半個時辰前他打發劉慶回來,告知自己吃了早飯后并沒有異樣,替她洗清嫌疑,只是沒想到他竟又親身回來了。公務繁忙之時,能抽出時間走這一趟,并不容易吧?
簾子動處,韓湛進門:“母親。”
他沒有跟她打招呼,慕雪盈也沒有上前喊冤,低頭跪著,聽見他向黎氏道:“聽說母親身子不好,特地請了御前的王太醫為母親診治。”
太醫,還是御前的,那就是給皇帝瞧病的?黎氏怔了下,早晨她叫的大夫是常給她看病的一位,并不敢違拗她,她說吃了飯上吐下瀉,那人就順著她的口風說飯食不妥當,但這位可是太醫,可不會看她的臉色行事。心里就有點怵,連忙去看吳鸞。
吳鸞也沒想到韓湛竟然請了太醫,忙向黎氏使眼色安撫,柔聲道:“還是大哥哥想得周到,姨媽就請太醫看看吧,有什么不舒服只管說。”

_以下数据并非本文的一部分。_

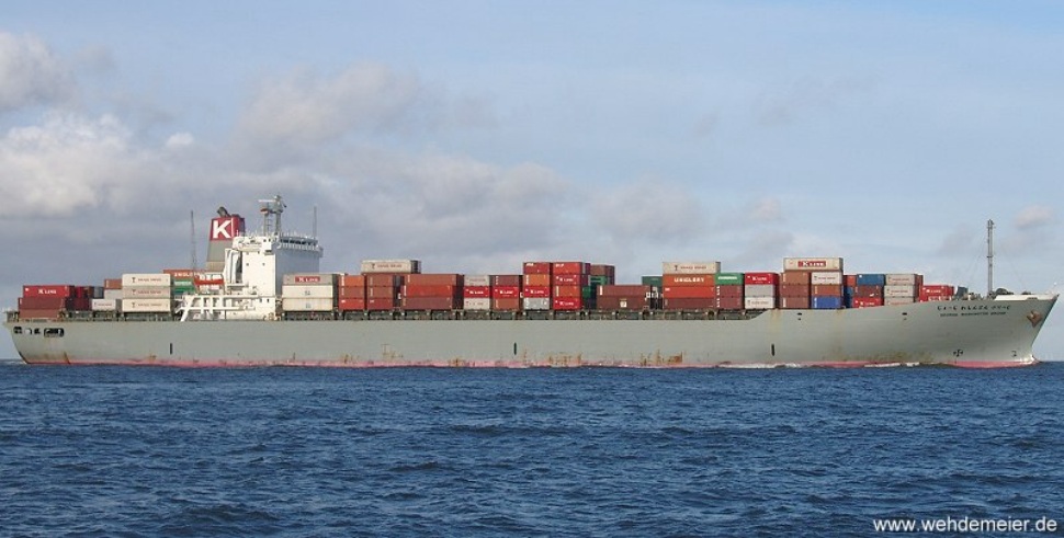 Containerschiff am 08.02.2004 elbaufwärts vor Cuxhaven-Groden

黎氏到這時候騎虎難下,也只得硬著頭皮說道:“那就有勞王太醫。”
屋里安靜下來,王太醫凝神診脈,慕雪盈安靜等著。
王太醫穿的是絳紅衣,品級絕不會低,韓湛既然請了他來,肯定也深知對方的醫術人品,絕不會任由黎氏信口雌黃。
一炷香后,王太醫診完了脈:“從脈象上看,老夫人有點受風,還有點肝火,這幾天是不是頭疼,夜里睡不好?”
“對,都是早上吃飯鬧的,”黎氏見他不提飯菜的事,忙道,“早上的飯菜有問題,害得我上吐下瀉難受到現在,頭疼得厲害。”
“慚愧,在下才疏學淺,從脈象上沒看出腸胃受損的跡象,”王太醫委婉著,“可能是受風或者肝火旺盛導致的腸胃不適,或者是飯食不好消化,老夫人早晨吃了什么?”
“鹿肉跟豬肉餡的餛飩,菜煎餅,里頭有胡蘿卜、卷心菜、小瓜、香蔥、雞蛋,還吃了幾口瑤柱蛋羹。”黎氏牢牢記得,一說起來,不覺又咽了口唾沫。
“這些東西性平溫和,又容易消化,正適合老年人。”王太醫思忖著,看向韓湛,“指揮使早晨吃的和老夫人一樣?”
“是,我未覺不適,”韓湛伸手扶起慕雪盈,“我夫人也吃了,也未有不適。”
他的手很暖,掌心有繭子,硬硬的,這感覺跟平時她主動握他時全不一樣,慕雪盈有些不適應。他很快松開了。
這一瞬很短,吳鸞卻看到了,心里一跳。他竟當著這么多人,親手扶她?可他從前,是絕不許女人近身的。心里酸澀到了極點,指甲掐著手心,一陣銳疼。
“那就不是飯菜的緣故,應當是老夫人受了風,脾胃敏感,”王太醫將一切都看在眼里,深知不能再深究,笑道,“不妨事的,我開幾劑藥老夫人吃吃看,過兩天就好了。”
不是飯菜的緣故。慕雪盈微微抬頭,有這句話,有韓湛親手扶她起來,親身回來為她辯白,這件事從此是非分明,今后黎氏再要找事,也要掂量掂量后果才行。
吳鸞抿著唇不敢辯駁,又是憤怒又是疑惑,為什么,她到底有什么好,為什么韓湛一再對她另眼相看?
唯獨黎氏怎么都不能甘心,嚷嚷著向王太醫說道:“怎么不是飯菜的緣故?我吃了飯就吐了,不行,你再好好看看!”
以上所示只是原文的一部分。